Start of Records for the exercise

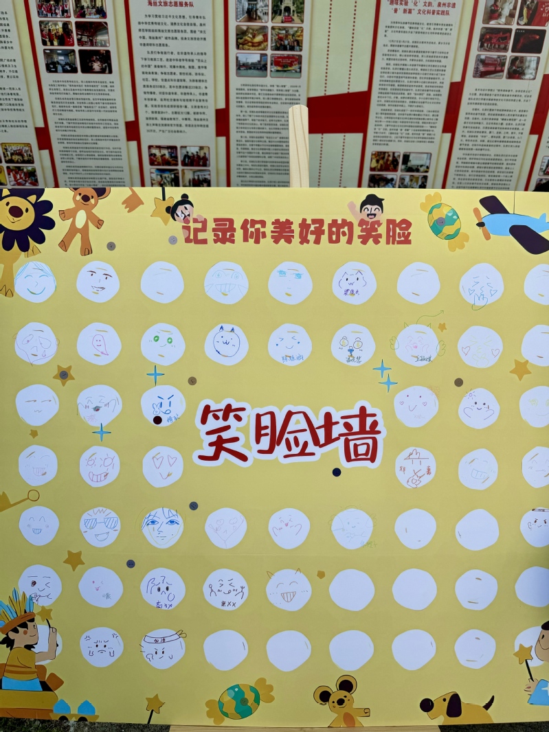 在“共绘笑脸墙”环节,同学们手持画笔与颜料,依次在展示架上描绘心中的笑脸。大家你一笔我一划,有的勾勒弯弯的眼睛,有的涂抹灿烂的嘴角,色彩在展示架上交融,一张张各具特色的笑脸逐渐呈现。有同学表示,“每一笔都承载着大家对生活的热爱,看到这么多笑脸汇聚在一起,内心特别温暖”。
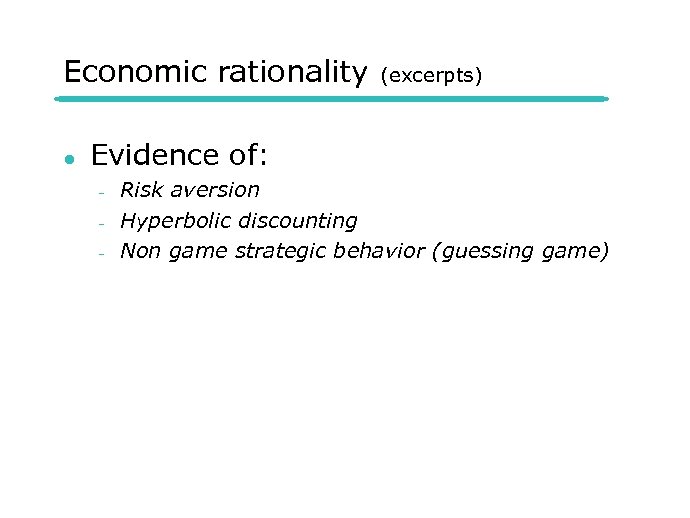 Economic rationality l (excerpts) Evidence of: – – – Risk aversion Hyperbolic discounting Non game strategic behavior (guessing game)
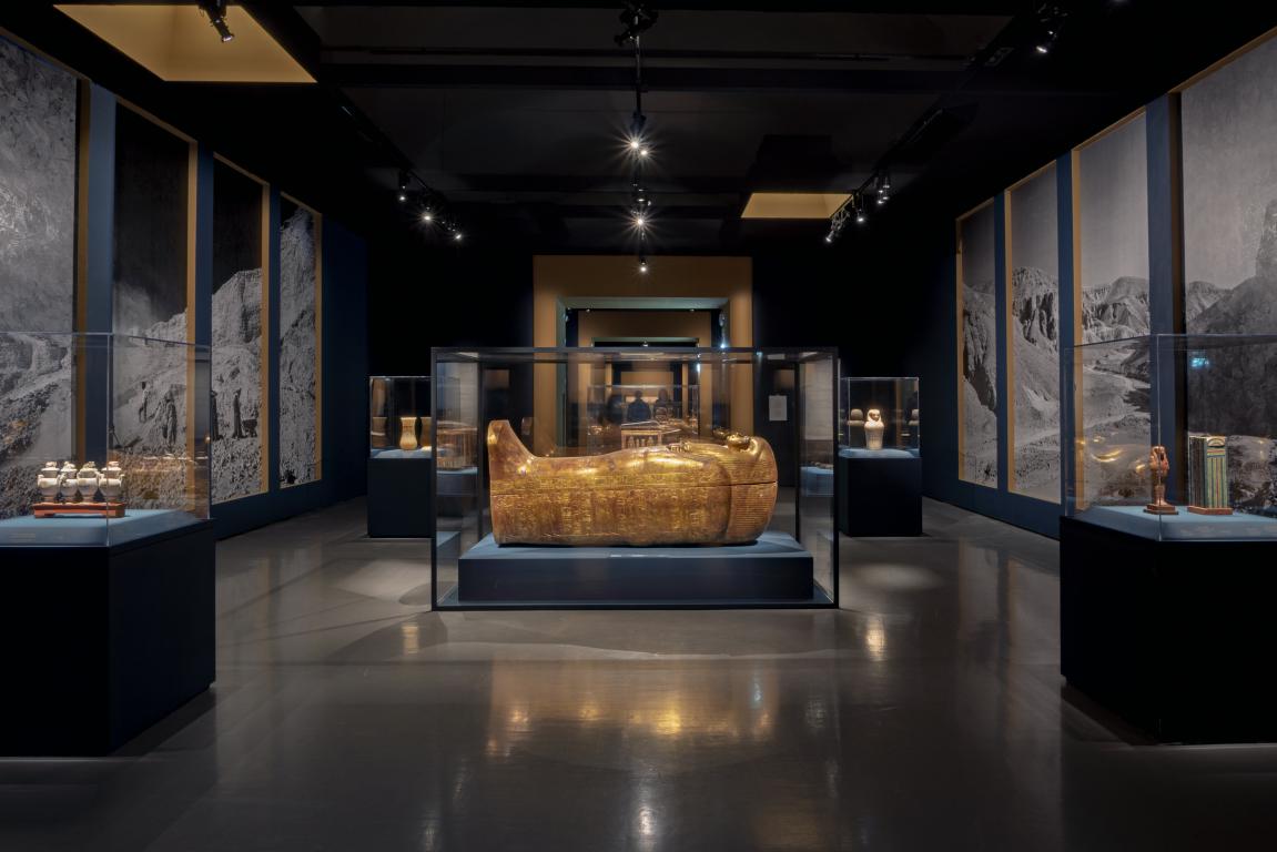 Uno dei momenti più suggestivi del percorso espositivo è la sala del sarcofago ligneo dorato. Qui la luce diventa racconto puro: «Volevamo che il sarcofago emergesse dalla penombra», racconta Murano. Un taglio di luce radente, orientato con precisione millimetrica, ne valorizza riflessi e dettagli pittorici, mentre tutto il resto resta volutamente in silenzio visivo.
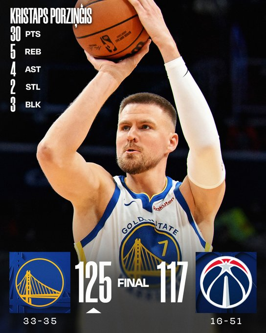 Kristaps Porzingis anotó 30 puntos y De’Anthony Melton agregó 27 para que los Warriors cortaran una racha de cinco derrotas. El triunfo también significó la victoria número 600 como entrenador para Steve Kerr. Golden State jugó sin Stephen Curry, Jimmy Butler, Seth Curry y Al Horford, pero controló gran parte del juego. En los Washington Wizards, Trae Young terminó con 21 puntos.
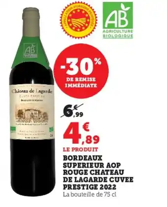 Actuellement en offre chez Super U : Bordeaux superieur aop rouge chateau de lagarde cuvee prestige 2022 ✅ Valable du 20-01 au 1-02.
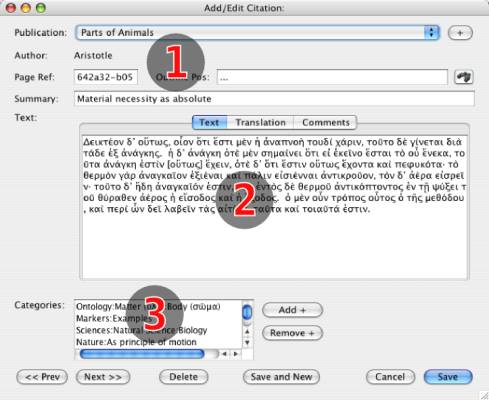 The contents of the citation. Note that there are three tabs: you can introduce the original text in the first tab, a translation in the second, and a commentary (if desired) in the third. All of this information will be saved with the notecard, and can be exported later.
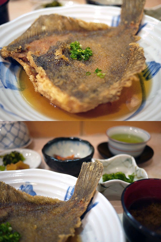 カレイの揚げおろしというココの名物。

End of Records for the exercise

## Work to be completed
All that is needed is an exact copy of the lines from the top of the entries through the line containing "The contents of", pictures left out.

## Problem solution
 在“共绘笑脸墙”环节,同学们手持画笔与颜料,依次在展示架上描绘心中的笑脸。大家你一笔我一划,有的勾勒弯弯的眼睛,有的涂抹灿烂的嘴角,色彩在展示架上交融,一张张各具特色的笑脸逐渐呈现。有同学表示,“每一笔都承载着大家对生活的热爱,看到这么多笑脸汇聚在一起,内心特别温暖”。
 Economic rationality l (excerpts) Evidence of: – – – Risk aversion Hyperbolic discounting Non game strategic behavior (guessing game)
 Uno dei momenti più suggestivi del percorso espositivo è la sala del sarcofago ligneo dorato. Qui la luce diventa racconto puro: «Volevamo che il sarcofago emergesse dalla penombra», racconta Murano. Un taglio di luce radente, orientato con precisione millimetrica, ne valorizza riflessi e dettagli pittorici, mentre tutto il resto resta volutamente in silenzio visivo.
 Kristaps Porzingis anotó 30 puntos y De’Anthony Melton agregó 27 para que los Warriors cortaran una racha de cinco derrotas. El triunfo también significó la victoria número 600 como entrenador para Steve Kerr. Golden State jugó sin Stephen Curry, Jimmy Butler, Seth Curry y Al Horford, pero controló gran parte del juego. En los Washington Wizards, Trae Young terminó con 21 puntos.
 Actuellement en offre chez Super U : Bordeaux superieur aop rouge chateau de lagarde cuvee prestige 2022 ✅ Valable du 20-01 au 1-02.
 The contents of the citation. Note that there are three tabs: you can introduce the original text in the first tab, a translation in the second, and a commentary (if desired) in the third. All of this information will be saved with the notecard, and can be exported later.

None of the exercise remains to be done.